Content starts
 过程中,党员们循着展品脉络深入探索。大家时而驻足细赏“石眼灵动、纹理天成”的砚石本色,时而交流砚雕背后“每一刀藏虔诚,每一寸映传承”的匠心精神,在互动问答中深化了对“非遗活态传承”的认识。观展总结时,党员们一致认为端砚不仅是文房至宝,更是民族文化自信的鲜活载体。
Content ends
Content starts
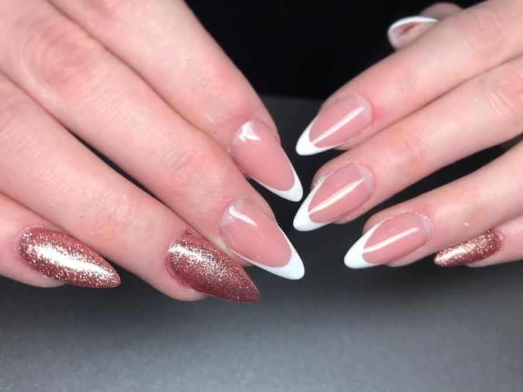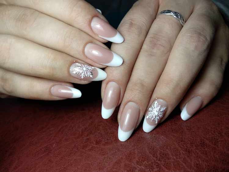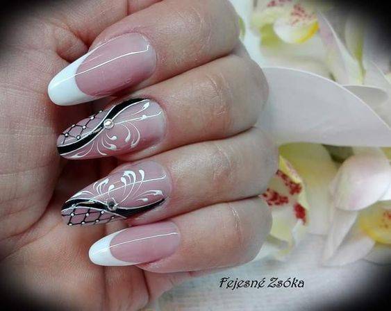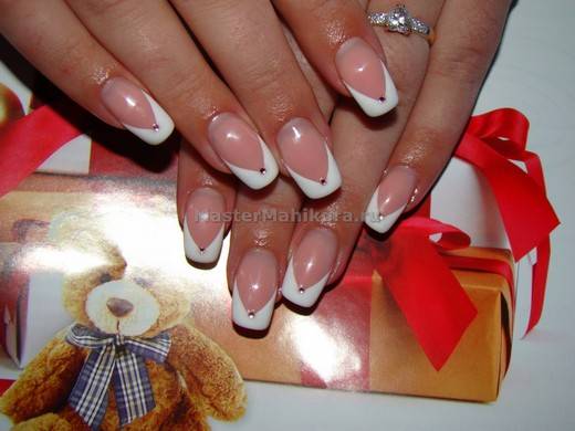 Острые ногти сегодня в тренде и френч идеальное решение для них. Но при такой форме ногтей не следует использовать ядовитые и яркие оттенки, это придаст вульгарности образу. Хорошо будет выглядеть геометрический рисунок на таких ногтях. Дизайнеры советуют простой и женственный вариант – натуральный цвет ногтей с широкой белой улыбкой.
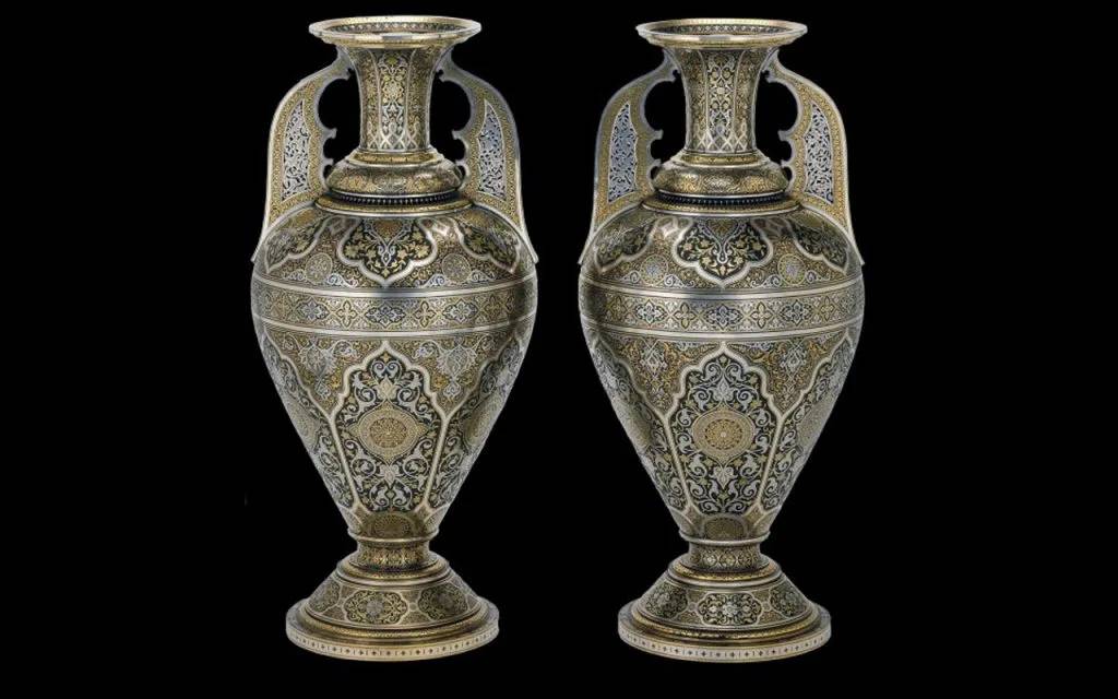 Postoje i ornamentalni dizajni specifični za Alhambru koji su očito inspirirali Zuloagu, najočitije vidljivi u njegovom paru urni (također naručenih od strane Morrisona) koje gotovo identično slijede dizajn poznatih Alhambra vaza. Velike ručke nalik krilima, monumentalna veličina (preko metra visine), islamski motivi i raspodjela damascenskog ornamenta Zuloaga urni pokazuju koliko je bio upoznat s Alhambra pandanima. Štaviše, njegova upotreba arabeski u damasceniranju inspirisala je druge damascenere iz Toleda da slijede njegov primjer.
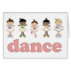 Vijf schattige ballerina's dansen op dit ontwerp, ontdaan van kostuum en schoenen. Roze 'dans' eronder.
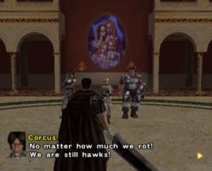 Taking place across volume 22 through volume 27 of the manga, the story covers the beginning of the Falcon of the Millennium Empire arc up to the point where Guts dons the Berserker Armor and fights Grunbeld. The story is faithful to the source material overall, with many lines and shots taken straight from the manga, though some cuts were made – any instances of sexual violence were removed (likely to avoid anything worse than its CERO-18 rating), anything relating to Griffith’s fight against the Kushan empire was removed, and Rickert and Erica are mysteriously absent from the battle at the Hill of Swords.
Content ends
> _Exercise aim_: What you write must match the listing exactly, from the line with "Острые ногти сегодня" up to and including the line with "Taking place across". Pictures stay out.

> _Exercise result_:
 Острые ногти сегодня в тренде и френч идеальное решение для них. Но при такой форме ногтей не следует использовать ядовитые и яркие оттенки, это придаст вульгарности образу. Хорошо будет выглядеть геометрический рисунок на таких ногтях. Дизайнеры советуют простой и женственный вариант – натуральный цвет ногтей с широкой белой улыбкой.
 Postoje i ornamentalni dizajni specifični za Alhambru koji su očito inspirirali Zuloagu, najočitije vidljivi u njegovom paru urni (također naručenih od strane Morrisona) koje gotovo identično slijede dizajn poznatih Alhambra vaza. Velike ručke nalik krilima, monumentalna veličina (preko metra visine), islamski motivi i raspodjela damascenskog ornamenta Zuloaga urni pokazuju koliko je bio upoznat s Alhambra pandanima. Štaviše, njegova upotreba arabeski u damasceniranju inspirisala je druge damascenere iz Toleda da slijede njegov primjer.
 Vijf schattige ballerina's dansen op dit ontwerp, ontdaan van kostuum en schoenen. Roze 'dans' eronder.
 Taking place across volume 22 through volume 27 of the manga, the story covers the beginning of the Falcon of the Millennium Empire arc up to the point where Guts dons the Berserker Armor and fights Grunbeld. The story is faithful to the source material overall, with many lines and shots taken straight from the manga, though some cuts were made – any instances of sexual violence were removed (likely to avoid anything worse than its CERO-18 rating), anything relating to Griffith’s fight against the Kushan empire was removed, and Rickert and Erica are mysteriously absent from the battle at the Hill of Swords.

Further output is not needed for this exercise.